Resistência parlamentar

Publicado em 16/01/2010 em Folha de São Paulo

AS ELEIÇÕES parlamentares no Brasil ocorrem num quinto plano, como se não tivessem importância. Minimizadas pela cobertura da imprensa, ridicularizadas pelas aparições na TV e não alcançadas pelas pesquisas, os curiosos só vão descobrir o resultado da eleição proporcional com a publicação dos nomes pelos jornais no dia seguinte. Ali, um ou outro garimpa o seu candidato.

E os analistas tratam, então, graficamente, da composição do novo Congresso. Num quadro pluripartidário inorgânico como o brasileiro, se tem dito: “tanto faz”. Afinal, nenhum partido chega perto dos 20% na Câmara dos Deputados. E o Executivo contrata a sua maioria.
Mas a atenção hoje deveria ser outra, com os exemplos que correm pela América Latina, que sinalizam riscos e, assim, a necessidade, em 2010 e daí para a frente, de se dar atenção muito maior às eleições parlamentares.
Na Venezuela, no Equador e na Bolívia, os políticos, os partidos, os intelectuais, os analistas e a imprensa concentraram suas atenções no líder populista, nas pesquisas indicando a sua popularidade, nos plebiscitos que propõem, nas reeleições. Com isso, os Parlamentos foram desossados. Na Venezuela, na eleição parlamentar anterior, os partidos de oposição decidiram não concorrer, e a Câmara passou a ser, literalmente, de partido único.
Com isso, esses governos passaram a tratar a lei como um ato administrativo seu e avançaram sobre as instituições, o direito de propriedade e as liberdades individuais, de expressão e de imprensa. A exceção é o Paraguai. Com a vitória inevitável de Lugo, os partidos concentraram-se na formação de um Congresso de resistência. E é exatamente aí onde as extravagâncias chavistas não conseguem avançar. Se os Kirchner se coçavam na busca de uma variante do chavismo, ao perderem, nas eleições de 2009, a maioria na Câmara e Senado, essa aventura passou a enfrentar resistências.
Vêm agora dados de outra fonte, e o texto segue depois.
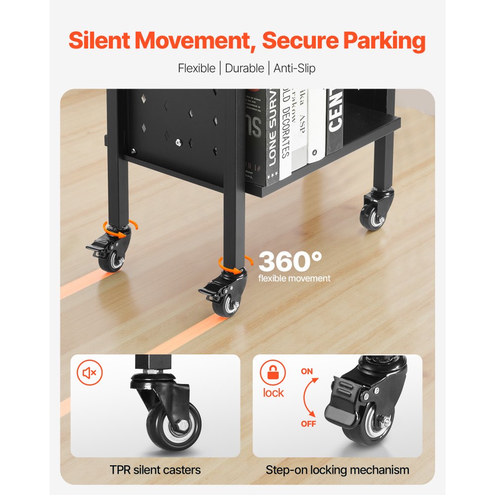guruló könyvtári könyveskocsi, 70 kg kapacitás, 45 x 33 x 88 cm könyvtári kocsi, kétoldalas L alakú polcok 50,8 mm-es zárható kerekekkel, könyveskocsi otthoni polcokhoz, irodába és iskolába, fekete | Építés és szerkezetek - Jovotech.hu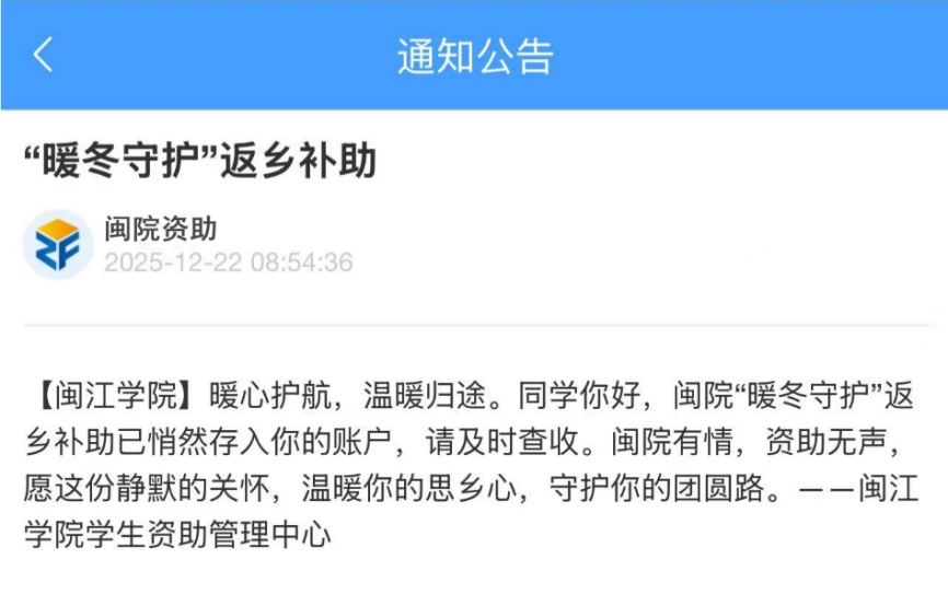 “学生资助悄悄地来,温暖了整个冬天。这份默默的支持,不仅减轻了生活负担,更让我们深切地感受到学校的无声关爱和暖心关怀。”看着手机屏幕上的暖心寄语,收到返乡补助的小婷深有感慨。

Aqui, os dois decretos do governo Lula, um atropelando a Lei de Anistia, outro, um pout-pourri de excentricidades autoritárias, acenderam a luz vermelha sobre as eleições de 2010. A esquerda autoritária, pós-mensalão, perdeu a hegemonia para o sindicalismo no partido e no governo. E abriu para esse as delícias dos fundos e dos conselhos de administração. E agora recobra força, mostra suas unhas afiadas com um “programa de governo”, quem sabe para aplicar em 2011.
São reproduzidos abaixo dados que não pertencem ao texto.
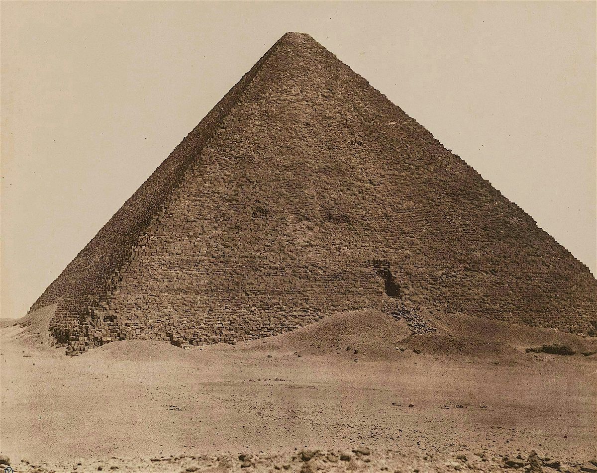 Image credit: Félix Teynard (French, 1817-1892). Pyramide de Chéops (Grande Pyramide) / Égypte / Djizeh (Nécropole de Memphis),(1851-1852). Salt print, 1853-1854, from a paper negative. 24.5 x 30.7 cm mounted on 40.2 x 52.3 cm paper.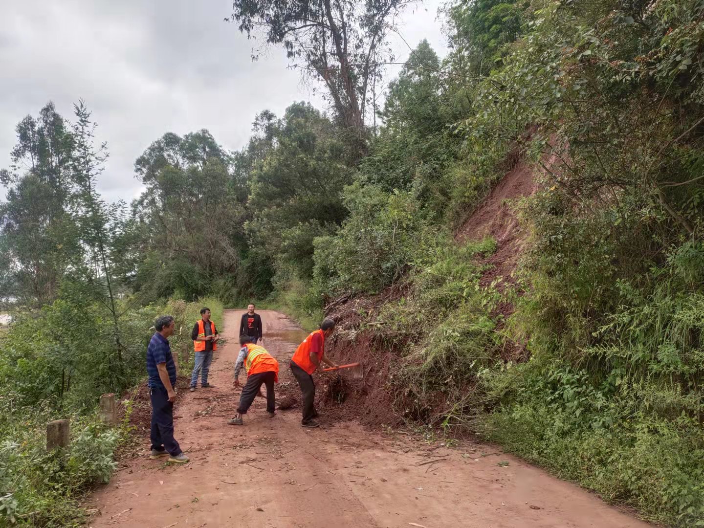 组织镇经济发展办及相关人员立即到现场查看道路受损情况。经检查,发现姚金线800米处有塌方,毛新线高家村段有多处塌方,若不及时处理任由雨水冲刷,可能造成道路中断,威胁群众出行及安全。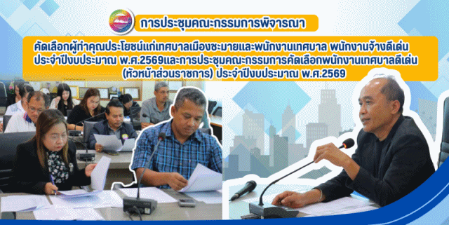 นายประพัฒน์ รักษ์ศรีทอง นายกเทศมนตรีเมืองชะมาย เป็นประธานในการประชุมคณะกรรมการพิจารณาคัดเลือกผู้ทำคุณประโยชน์แก่เทศบาลเมืองชะมายและพนักงานเทศบาล พนักงานจ้างดีเด่น ประจำปีงบประมาณ พ.ศ.2569 โดยมีปลัดเทศบาล รองปลัดเทศบาล ผู้อำนวยการกอง หัวหน้าฝ่ายอำนวยการ และนักทรัพยากรบุคคลปฏิบัติการ ในฐานะกรรมการเข้าร่วมในการประชุมเพื่อพิจารณาคัดเลือกบุคคลภายนอก หน่วยงานราชการ ผู้ประกอบการ ผู้ทำคุณประโยชน์แก่เทศบาลเมืองชะมาย พนักงานเทศบาล และพนักงานจ้างดีเด่น ผู้มีคุณธรรม จริยธรรมในการปฏิบัติราชการที่ได้รับการยกย่องเชิดชูเกียรติ ทั้งนี้ภายหลังจากการประชุมของคณะกรรมฯ ชุดแรกพิจารณาแล้วเสร็จ สำนักปลัดเทศบาลได้ดำเนินการประชุมต่อเนื่องในส่วนของคณะกรรมฯ ที่ 2 ซึ่งเป็นการประชุมคณะกรรมการคัดเลือกพนักงานเทศบาลดีเด่น (หัวหน้าส่วนราชการ) ประจำปีงบประมาณ พ.ศ.2569 โดยมีนายสุรศักดิ์ รัตนะ รองนายกเทศมนตรีเมืองชะมาย เป็นประธานในการประชุมพิจารณาฯ พร้อมด้วยคณะกรรมฯ ตามคำสั่งแต่งตั้ง ประกอบด้วย นายประสงค์ พรหมวันรัตน์ รองนายกเทศมนตรีเมืองชะมาย ปลัดเทศบาล รองปลัดเทศบาล หัวหน้าฝ่ายอำนวยการ และนักทรัพยากรบุคคลปฏิบัติการ โดยคณะกรรมการชุดนี้ได้ร่วมกันพิจารณาคัดเลือกพนักงานเทศบาลดีเด่น ในส่วนของหัวหน้าส่วนราชการ ผู้ที่มีคุณธรรมจริยธรรมในการปฏิบัติราชการที่ได้รับการยกย่องเชิดชูเกียรติ ซึ่งการประชุมของคณะกรรมการฯ ทั้งสองชุดดำเนินการเป็นไปด้วยความเรียบร้อยตามวาระกำหนด

Os distraídos continuarão a concentrar toda a sua atenção na eleição presidencial. No dia seguinte, lerão nos jornais o nome dos parlamentares eleitos. Se antes tanto fazia, agora não. Eleger um Congresso com força suficiente para resistir a aventuras chavistas é tão importante quanto a própria eleição presidencial: daqui para a frente.